6. Type checking and type equivalence • Type correctness can be stated in terms of equivalence of type expressions: int [ ] arr1; // arr2 : array ( int ) int [ ] arr2; // arr2 : array ( int ) … Arr1 = arr2; // ok in Java: type expressions are equivalent Usually the rule in languages where a declaration can contain an arbitrary type expression

7. Type checking and name equivalence Arr1 : array (1..10) of integer; Arr2 : array (1..10) of integer; … Arr1 := Arr2; // illegal in Ada: different anonymous types. -- same as: type anon1 is array (1..10) of integer; Arr1 : anon1; -- Arr1 : anon1 type anon2 is array (1..10) of integer; Arr2 : anon2: -- Arr2 : anon2 -- Arr1 and Arr2 are not equivalent.
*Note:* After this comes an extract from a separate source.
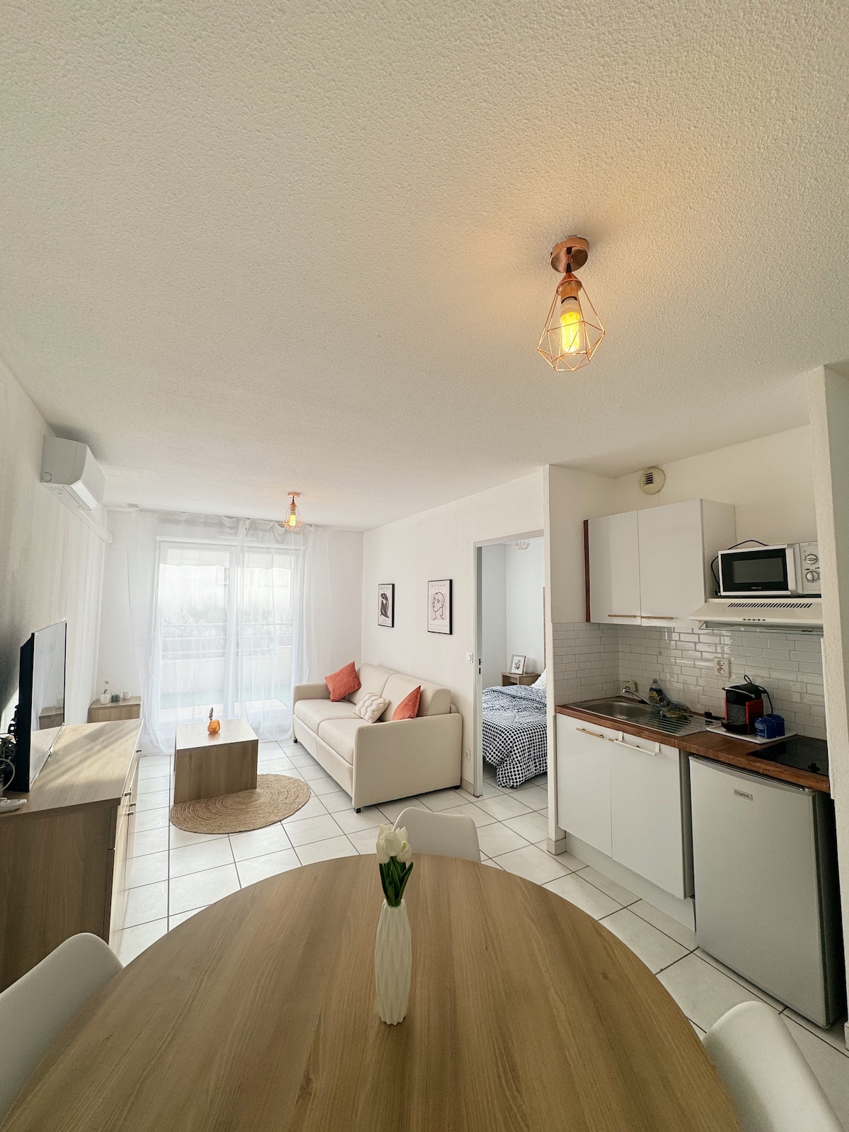 ☀️Relax in this quiet and elegant accommodation. ☀️In the heart of the marinas, pretty 20m2 studio and terrace with beautiful marina view, 3rd floor (no elevator). For 2 adults or 1 adult and 1 child ☀️It consists of a living room opening onto a beautiful terrace, air conditioning, a fully equipped kitchen, Nespresso, fridge, dishwasher, washing machine, electric oven, microwave... ☀️8 minutes walk from the beach and shops ☀️Private parking and free WIFI 🏊♂️POOL OPEN FROM May 15 to September 30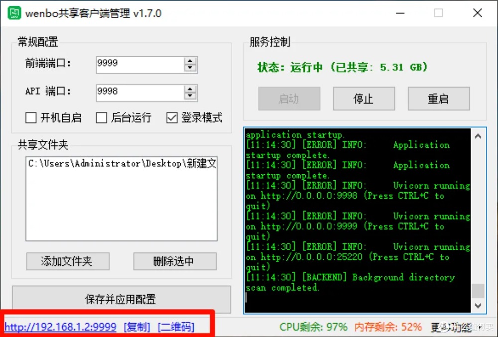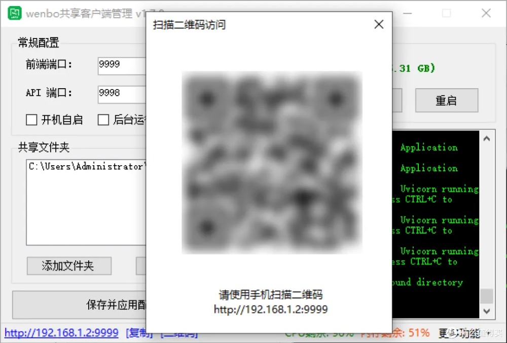 启动后,左下角会显示访问地址(电脑端)和二维码(手机端),扫码即用。

Language does not allow arbitrary (anonymous) type expressions in a declaration

8. Type expressions with cycles type t1 = record c: integer; p: pointer (t1); end record; type t2 = record c: integer; p: pointer (t2); end record; • t1 and t2 are equivalent in Algol68 • C approach: name of type is part of type expression, types are not equivalent: struct cell { int c; struct cell *next; /* struct cell is in type expression */ };

9. Type checking and coercions • If language allows coercions, type depends on context, cannot be purely synthesized. • For C++ boolean operators (Stroustrup C.6.3) • If either operand is of type long double, the other is converted to long double • Otherwise, if either operand is double, the other is converted to double • Otherwise, if either is float, the other is converted to float • Otherwise, integral promotions are performed on both: • char, (un) signed_char, (unsigned) short int -> int • bit-field -> int • bool -> int • Further complication: user-defined conversions.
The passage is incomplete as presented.